Wie es sich für einen Parodisten gehört, überzeugte David Bröckelmann auch in Sachen Mimik und Gestik. Bild Dario Dietsche
Wie es sich für einen Parodisten gehört, überzeugte David Bröckelmann auch in Sachen Mimik und Gestik. Bild Dario Dietsche

Bühne

Skurril und sehr amüsant

Am Freitagabend sorgte Kabarettist David Bröckelmann in der MGH Riedmatt in Wollerau für beste Unterhaltung. Sein Programm «Ausser Plan» war facettenreich, ungewohnt und wie üblich scherzhaft.

Schweizer Persönlichkeiten wie Fussballer Hakan Yakin als Astronaut im All, FDP-Präsident Fulvio Pelli als liberaler Schlossarchitekt, SF-Sportreporter Matthias Hüppi als euphorischer Castingkanditat oder Fussballtrainer Christian Gross als Schlagersänger aus den 1960er-Jahren. Skurrile Charaktere wie diese waren am Freitagabend in Wollerau auf der Bühne zu bestaunen. Gespielt wurden sie allesamt von ein und derselben Person, dem Parodisten, Stimmenimitatoren und Schauspieler, David Bröckelmann. Mit seiner offensichtlichen Gabe, Leute nachzuahmen, liess der Basler Prominente aus Politik, Sport und Fernsehen in gewöhnungsbedürftigen aber sehr unterhaltsamen Rollen auftreten.

Yakin als Höhepunkt

Ein sehr ostschweizerisch ausgesprochenes «Grüezi mitenand» für Matthias Hüppi, ein im Zürcher Dialekt gemurmeltes «kompaktä Wald» für Christian Gross oder ein westschweizerisch nasales «ainör für alle» für Christian Levrat reichten dem Publikum bereits, um den imitierten Prominenten zu erkennen. In Kombination mit der passenden Gestik und Mimik erreichte David Bröckelmann eine frappante Übereinstimmung mit den imitierten Persönlichkeiten. Für die lautesten Lacher sorgte Hakan Yakin mit bekannten Sprüchen wie: «wa solli sagä» oder «okee», in Kombination mit sehr reduzierten Aussagen.

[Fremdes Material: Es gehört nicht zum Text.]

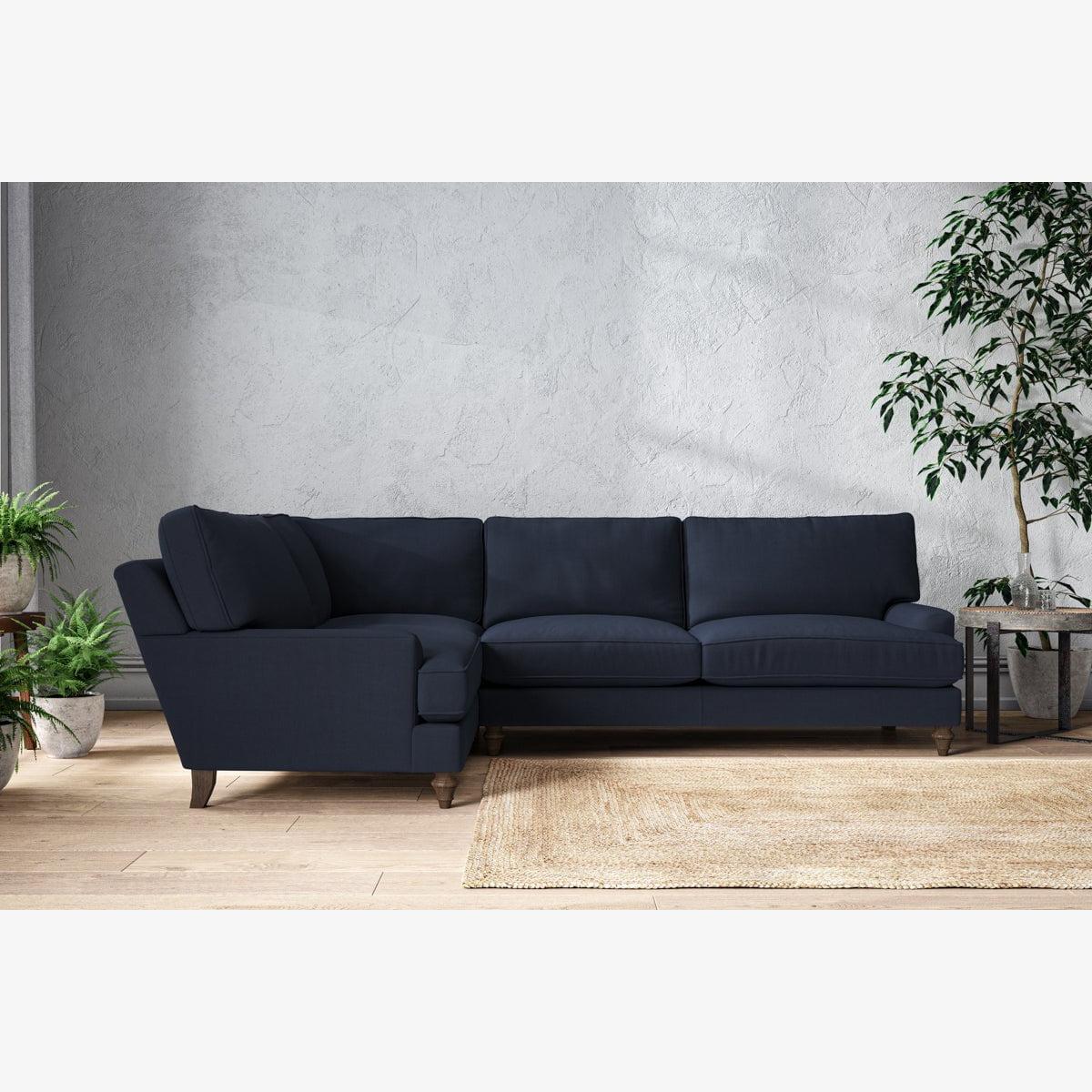 The classic design of our Marri grand left hand corner sofa has a timeless appeal that suits almost any interior. Each piece is handcrafted by our specialist team in our Nottinghamshire workshop combining traditional techniques with exceptional craftmanship. Well-considered details ensure lasting quality, including piped edging, separate back cushions, and hand-turned hardwood feet. The hardwood frame and high-grade steel serpentine springs are selected for enduring quality, and the cushions are made from foam with a fibre wrap for added comfort. The fabric is hand cut to size, playing close attention to the characteristics of the material, and the sculpted hardwood feet provides the finishing detail. Our upholstery fabrics are sourced from Italy’s finest mills and are chosen for their style and quality. We have selected a beautiful heavyweight, soft washed linen with an outstanding texture. Our linen is perfectly suited to upholstery, with an appealing natural, and tactile feel. It is also heavy and durable. The linen is FR treated for domestic upholstery ensuring peace of mind as well as meeting specialist UK furniture requirements. Please note, our white background cut-out photography is shown in Natural for shape and style reference. Fabric Swatch Ordering We recommend ordering fabric swatches before placing your order, giving you the chance to feel the fabric and see your colour choices within your own home. You can order up to 6 free fabric swatches by clicking here. Before placing your order, it's important to take the time to measure the space you intend to place your made-to-order furniture to ensure it fits properly. You can read more in our Sofa Buying Guide.

Ihn imitierte David Bröckelmann genau so akzentfrei und frei wie die anderen zwölf Personen im Stück.

Auch ein Theaterstück

Dass die Kulturkomission Wollerau nicht nur einen bekannten Parodisten in die MGH geholt, sondern gleichzeitig einen begnadeten Theaterschulabsolventen engagiert hatte, kam ebenfalls deutlich zur Geltung. David Bröckelmann integrierte seine Figuren zwar in völlig zusammenhangslose, abstrakte Szenen, doch als Ganzes handelte es sich sehr wohl um ein Theaterstück, in welchem der Hausmeister des Theaters für den im Stau steckenden, «wahren» Bröckelmann einspringen muss und schliesslich sogar zum Direktor befördert wird.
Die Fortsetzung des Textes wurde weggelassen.